“Courageous” Lacks Artistry and Preaches to the Choir

This is part of a series of articles I will be publishing this week on “Courageous.” A rhetorical critique will come out later this week as well as critique about the type of Christian associations the Kendricks have choose to align with.

One star for decent action sequences and being better than my expectations (although they were incredibly low when I went to see it).

The Kendrick brothers new movie Courageous is suspiciously similar to the 2004 film Crash, except that it’s a very poor knockoff. Running at 2 hours and 10 minutes, the film should have been a good half hour shorter. However, I guess the filmmakers thought by inserting an exciting chase scene in the beginning, middle, and end of the film that it would be enough to keep the audience engaged.

The plot revolves around the lives for four cops and one construction worker who form an unlikely friendship. Together these men go through trials in both their professional and personal lives. Yet, unlike Crash, which

"Courageous" a Sherwood Pictures film

manages to weave together multiple plots and characters with skill, the Kendrick’s film leaves lose ends and undeveloped characters.  Additionally, the film is too heavy on sermons and too light on substantial dialogue or plot development.  In their attempt to create a diverse group of actors that bridge multiple cultures and social issues the film falls into the age-old problem of stereotyping.

We have Javier Martinez (Robert Amya), the blue-collar construction Latino worker with a strong accent.  Then there is the young deputy David Thomson (Ben Davies) whose only plot point is that he’s one of the youngest men on the police force and about half through the film we find out he knocked up a cheerleader in college and left her to raise their daughter by herself. He encouraged her to get an abortion, but instead she chose to keep the baby –making her the “courageous” one in the relationship. However, even that relationship falls into stereotypes. We see her later as a single mother who works as a waitress and lives in a trailer. Finally, there is Nathan Hayes (Ken Bevel), the African-American cop, and newbie on the police force. Nathan is by far the most dynamic actor out of the main cast. The dialogue between he and his wife Kayla (Eleanor Brown) is witty and their marriage the most stable. Together they handle conflicts that arise with their children. Yet, the Kendricks can’t allow Nathan’s character to remain stereotype free. No, we have to throw in the fact that Nathan never knew his dad who had six children with five different women.
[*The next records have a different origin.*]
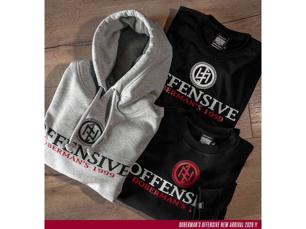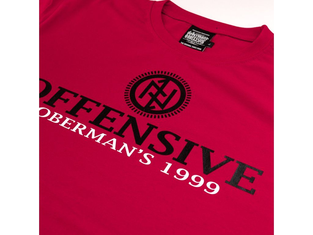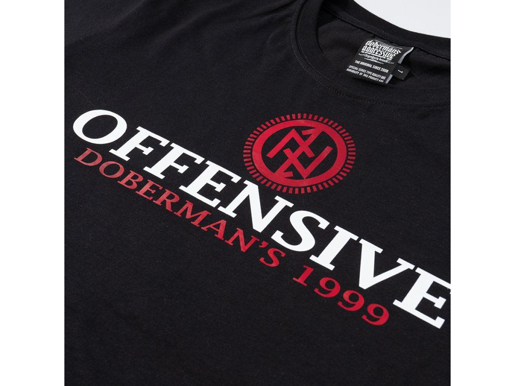 Model s kulatým výstřihem zakončeným žebrovaným lemem a krátkými rukávy, který zajišťuje pohodlí při každodenním nošení. Na přední straně se nachází výrazný potisk s velkým nápisem „OFFENSIVE“, doplněný sloganem „Doberman’s 1999“ a charakteristickým symbolem značky umístěným nad typografií. Zadní strana trička je hladká, což podtrhuje minimalistický charakter střihu a zvýrazňuje výrazný sportovně-streetový akcent na přední straně.
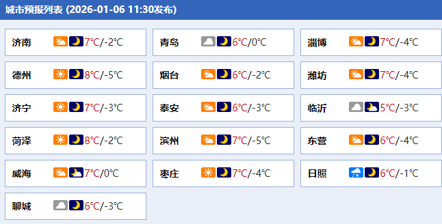 最低气温:德州、鲁中山区和半岛内陆地区-5℃左右,沿海地区-1℃左右,其他地区-3℃左右。
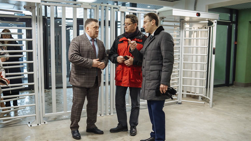 Замглавы администрации Ижевска Дмитрий Чистяков, глава Ижевска Олег Бекмеметьев и председатель правительства Удмуртии Ярослав Семенов в школе №88
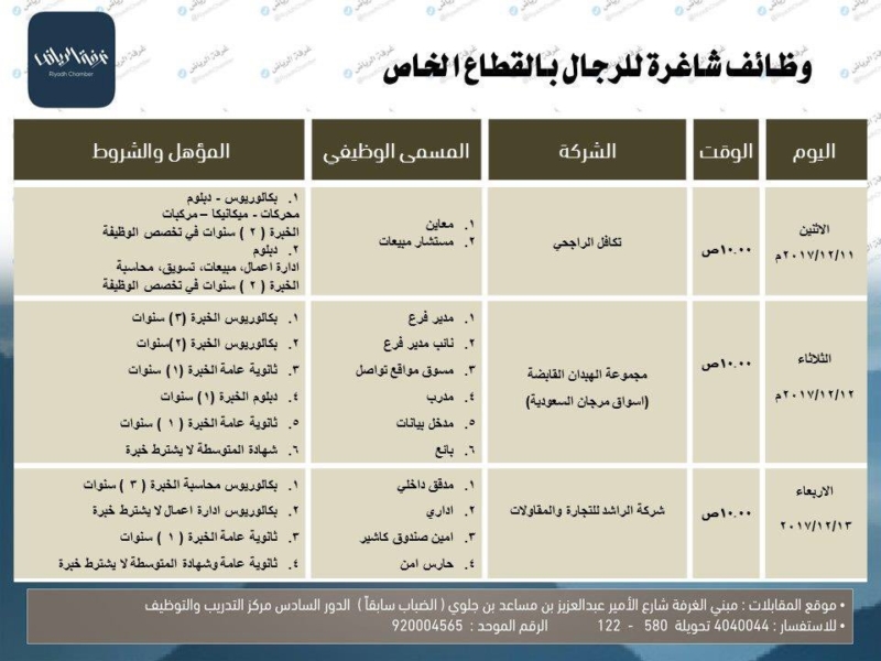 اعلنت غرفة الرياض عن توفر وظائف منوعه في ثلاث شركات وهي تكافل الراجحي – مجموعة الهبدان القابضة (أسواق المرجان السعودية) – شركة الراشد لتجارة والمقاولات”
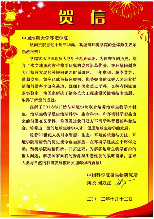 中国地质大学(北京)水资源与免费成人a片 发来院庆贺信

Over the past decade or two evangelical Christians have tried to “take back” the film industry by producing counter-cultural films that are supposed to be both entertaining and educational.  Too often, as is the case with the Kendrick film, the movies fall short of having an actual plot and fill in the holes with random, awkward moments of preaching.  A good story is always driven by action, by music that relates to the plot, by witty, clever dialogue and finally by showing and not preaching. An example of where the Kendricks go wrong is in a scene between the main character Adam Mitchell (Alex Kendrick) and his son Dylan (Rusty Martin, Jr.). They are out running together and stop mid-run for Adam to preach to his son about standing firm in his faith and not being scared to stand alone for what he believes. Dylan listens intently and then they start running again. Not only is the scene melodramatic and sappy, but it’s unrealistic. No one stops mid run for a heart-to-heart with their running companion. You either are in good enough shape to run and talk at the same time (which Adam wasn’t) or you wait until after the run and chat over Gatorade. This is only one of many such scenes that could have been cut.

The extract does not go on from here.